### What to work on
Please repeat only the lines below starting at the line that holds "Figure 4a shows" and ending at the line that holds "Asus G532L-VAZ069T ROG", exactly, with both of those lines included and every picture omitted.
Data for processing START
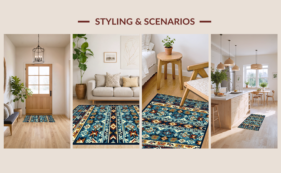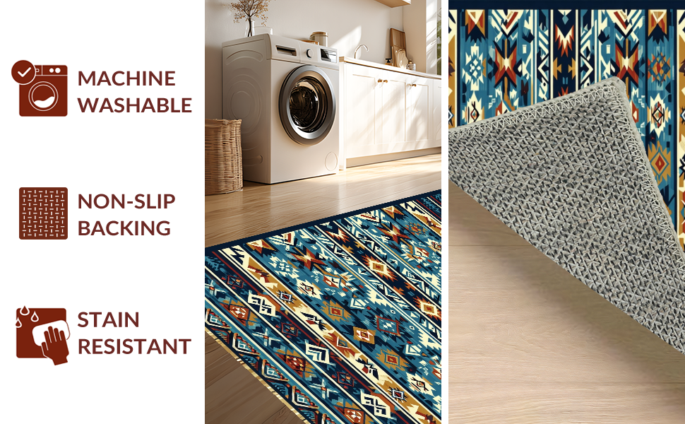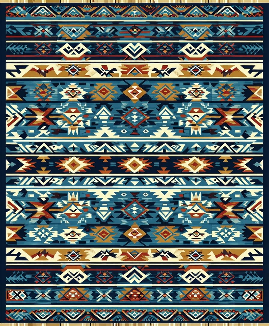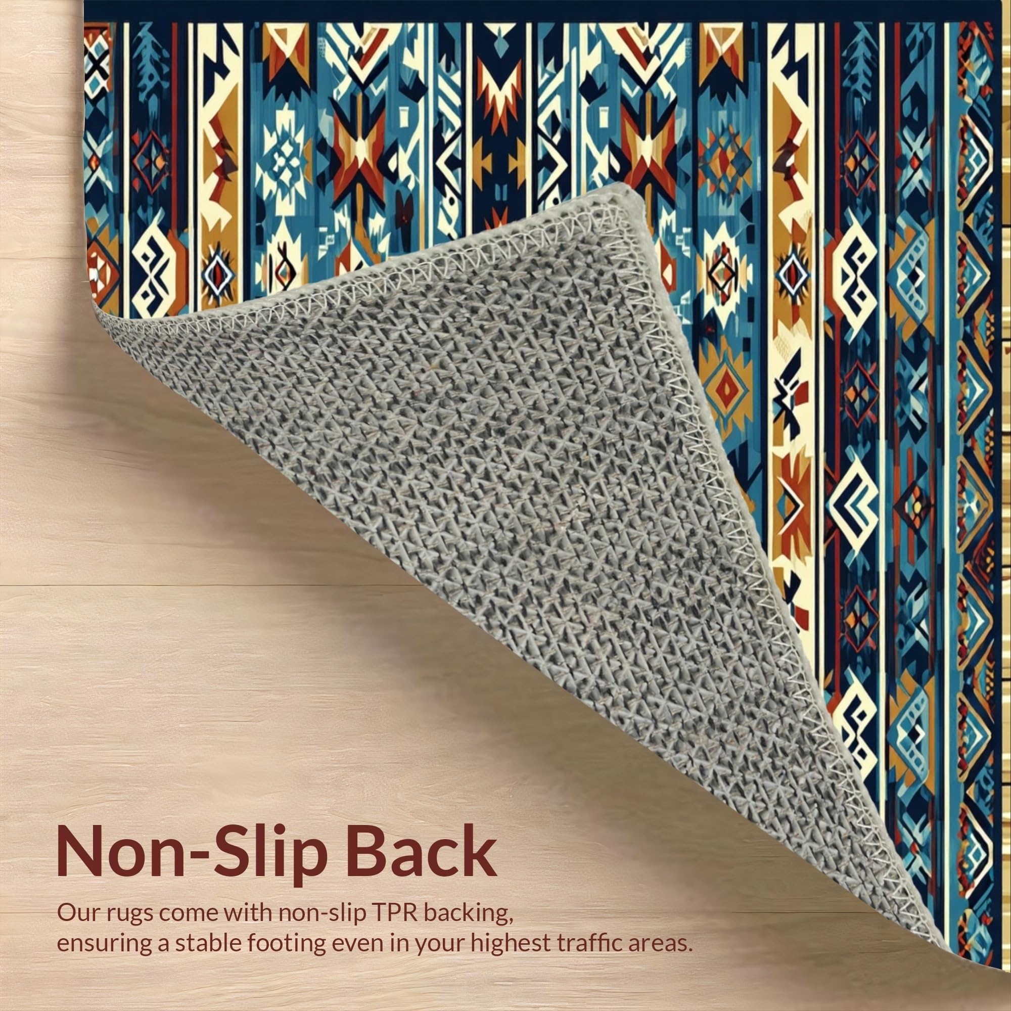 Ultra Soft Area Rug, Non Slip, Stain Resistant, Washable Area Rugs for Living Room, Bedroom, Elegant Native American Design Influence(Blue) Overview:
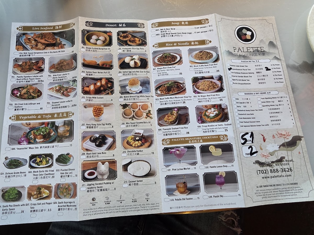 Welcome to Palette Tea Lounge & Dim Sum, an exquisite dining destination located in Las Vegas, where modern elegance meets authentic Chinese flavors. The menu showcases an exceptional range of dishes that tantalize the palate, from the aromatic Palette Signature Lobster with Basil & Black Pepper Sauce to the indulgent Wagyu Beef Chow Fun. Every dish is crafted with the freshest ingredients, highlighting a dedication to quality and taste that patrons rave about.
Data for processing END
Data for processing START
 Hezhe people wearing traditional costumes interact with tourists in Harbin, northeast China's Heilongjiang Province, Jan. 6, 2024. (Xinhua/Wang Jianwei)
Data for processing END
Data for processing START
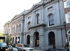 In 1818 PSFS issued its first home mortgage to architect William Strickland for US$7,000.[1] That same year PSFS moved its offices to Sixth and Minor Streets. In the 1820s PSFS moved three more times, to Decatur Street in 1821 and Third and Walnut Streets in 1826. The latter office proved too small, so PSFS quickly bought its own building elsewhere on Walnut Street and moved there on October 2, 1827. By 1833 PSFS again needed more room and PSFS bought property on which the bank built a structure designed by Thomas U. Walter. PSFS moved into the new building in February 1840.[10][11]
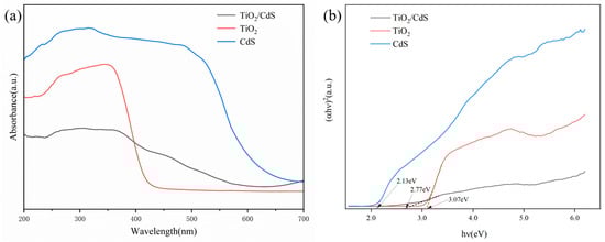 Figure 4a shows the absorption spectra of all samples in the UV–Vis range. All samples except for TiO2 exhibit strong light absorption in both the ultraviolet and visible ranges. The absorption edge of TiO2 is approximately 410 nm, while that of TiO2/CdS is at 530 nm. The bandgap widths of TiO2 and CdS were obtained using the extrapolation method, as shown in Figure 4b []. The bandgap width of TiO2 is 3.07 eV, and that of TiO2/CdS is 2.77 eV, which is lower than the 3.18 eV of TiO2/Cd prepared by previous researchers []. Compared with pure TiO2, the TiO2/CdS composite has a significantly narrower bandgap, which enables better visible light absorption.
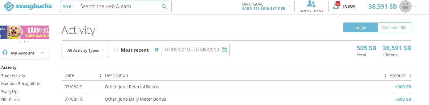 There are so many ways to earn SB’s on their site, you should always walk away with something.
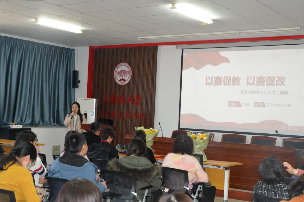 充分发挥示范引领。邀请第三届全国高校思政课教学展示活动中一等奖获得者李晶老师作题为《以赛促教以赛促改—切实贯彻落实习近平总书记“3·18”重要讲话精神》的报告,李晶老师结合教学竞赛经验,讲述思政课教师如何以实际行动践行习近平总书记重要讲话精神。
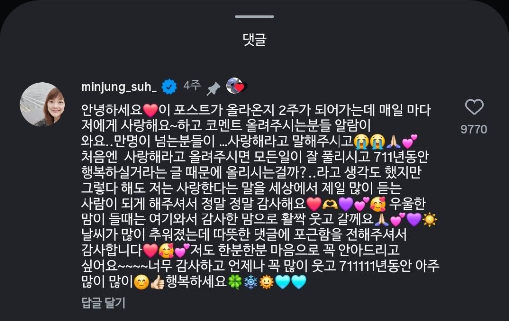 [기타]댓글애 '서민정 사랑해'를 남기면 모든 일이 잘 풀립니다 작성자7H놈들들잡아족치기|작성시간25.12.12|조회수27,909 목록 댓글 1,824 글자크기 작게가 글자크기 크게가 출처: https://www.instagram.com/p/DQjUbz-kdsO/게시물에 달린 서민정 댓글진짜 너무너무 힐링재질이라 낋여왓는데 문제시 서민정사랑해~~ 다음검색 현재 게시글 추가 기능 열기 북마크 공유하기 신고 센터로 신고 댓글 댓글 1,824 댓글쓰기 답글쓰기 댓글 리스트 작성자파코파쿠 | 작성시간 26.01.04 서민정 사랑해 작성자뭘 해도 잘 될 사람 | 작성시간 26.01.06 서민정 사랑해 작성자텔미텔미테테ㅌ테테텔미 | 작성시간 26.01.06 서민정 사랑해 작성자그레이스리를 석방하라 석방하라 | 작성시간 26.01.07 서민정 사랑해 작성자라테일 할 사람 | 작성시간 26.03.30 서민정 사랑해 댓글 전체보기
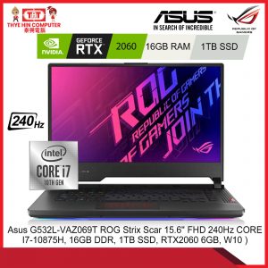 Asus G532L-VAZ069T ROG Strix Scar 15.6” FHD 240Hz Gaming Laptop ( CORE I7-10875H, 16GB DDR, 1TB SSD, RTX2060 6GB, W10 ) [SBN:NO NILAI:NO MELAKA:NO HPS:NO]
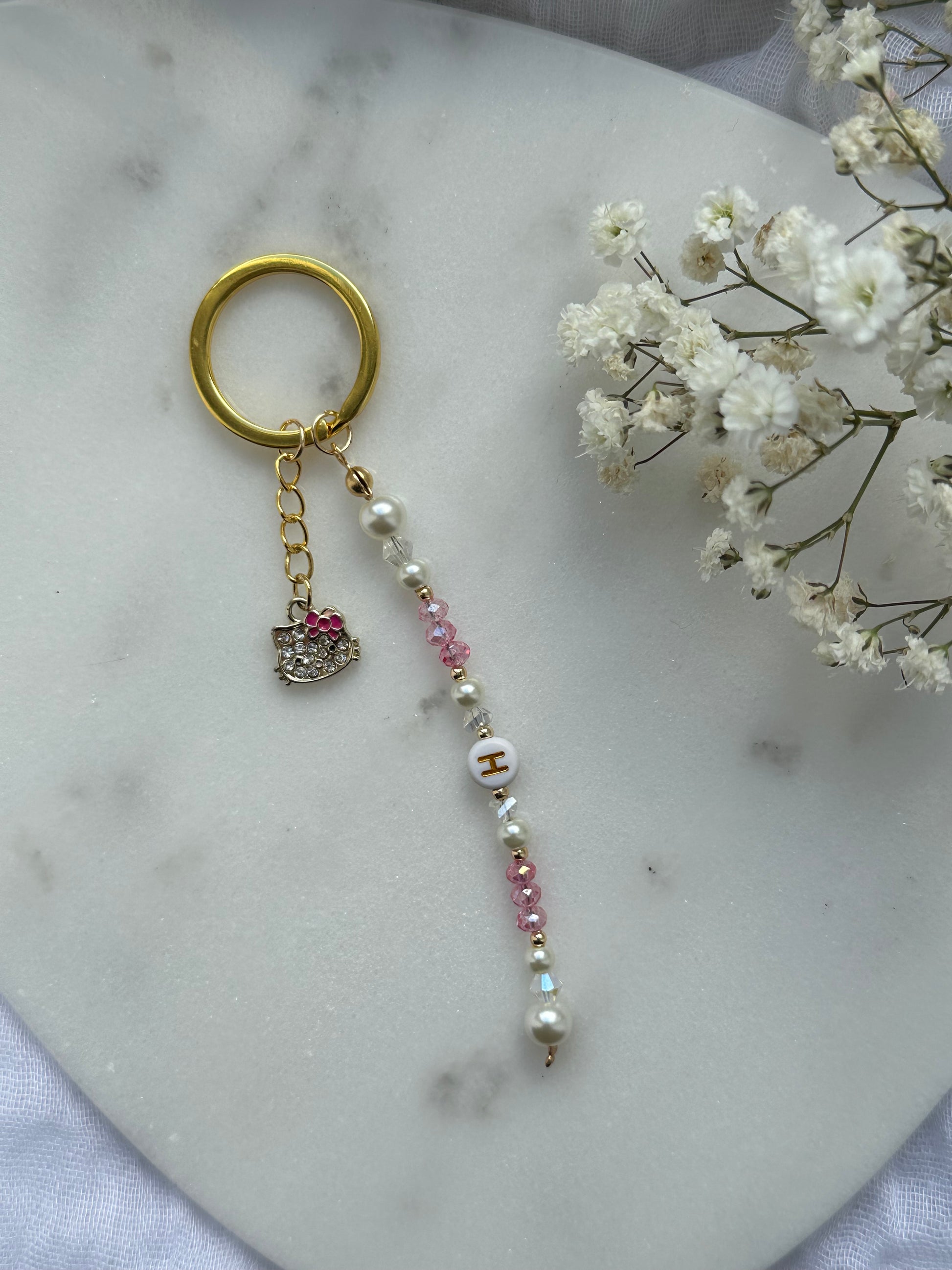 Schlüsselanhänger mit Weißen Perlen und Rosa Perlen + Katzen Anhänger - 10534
Data for processing END
### Exercise answer
 Figure 4a shows the absorption spectra of all samples in the UV–Vis range. All samples except for TiO2 exhibit strong light absorption in both the ultraviolet and visible ranges. The absorption edge of TiO2 is approximately 410 nm, while that of TiO2/CdS is at 530 nm. The bandgap widths of TiO2 and CdS were obtained using the extrapolation method, as shown in Figure 4b []. The bandgap width of TiO2 is 3.07 eV, and that of TiO2/CdS is 2.77 eV, which is lower than the 3.18 eV of TiO2/Cd prepared by previous researchers []. Compared with pure TiO2, the TiO2/CdS composite has a significantly narrower bandgap, which enables better visible light absorption.
 There are so many ways to earn SB’s on their site, you should always walk away with something.
 充分发挥示范引领。邀请第三届全国高校思政课教学展示活动中一等奖获得者李晶老师作题为《以赛促教以赛促改—切实贯彻落实习近平总书记“3·18”重要讲话精神》的报告,李晶老师结合教学竞赛经验,讲述思政课教师如何以实际行动践行习近平总书记重要讲话精神。
 [기타]댓글애 '서민정 사랑해'를 남기면 모든 일이 잘 풀립니다 작성자7H놈들들잡아족치기|작성시간25.12.12|조회수27,909 목록 댓글 1,824 글자크기 작게가 글자크기 크게가 출처: https://www.instagram.com/p/DQjUbz-kdsO/게시물에 달린 서민정 댓글진짜 너무너무 힐링재질이라 낋여왓는데 문제시 서민정사랑해~~ 다음검색 현재 게시글 추가 기능 열기 북마크 공유하기 신고 센터로 신고 댓글 댓글 1,824 댓글쓰기 답글쓰기 댓글 리스트 작성자파코파쿠 | 작성시간 26.01.04 서민정 사랑해 작성자뭘 해도 잘 될 사람 | 작성시간 26.01.06 서민정 사랑해 작성자텔미텔미테테ㅌ테테텔미 | 작성시간 26.01.06 서민정 사랑해 작성자그레이스리를 석방하라 석방하라 | 작성시간 26.01.07 서민정 사랑해 작성자라테일 할 사람 | 작성시간 26.03.30 서민정 사랑해 댓글 전체보기
 Asus G532L-VAZ069T ROG Strix Scar 15.6” FHD 240Hz Gaming Laptop ( CORE I7-10875H, 16GB DDR, 1TB SSD, RTX2060 6GB, W10 ) [SBN:NO NILAI:NO MELAKA:NO HPS:NO]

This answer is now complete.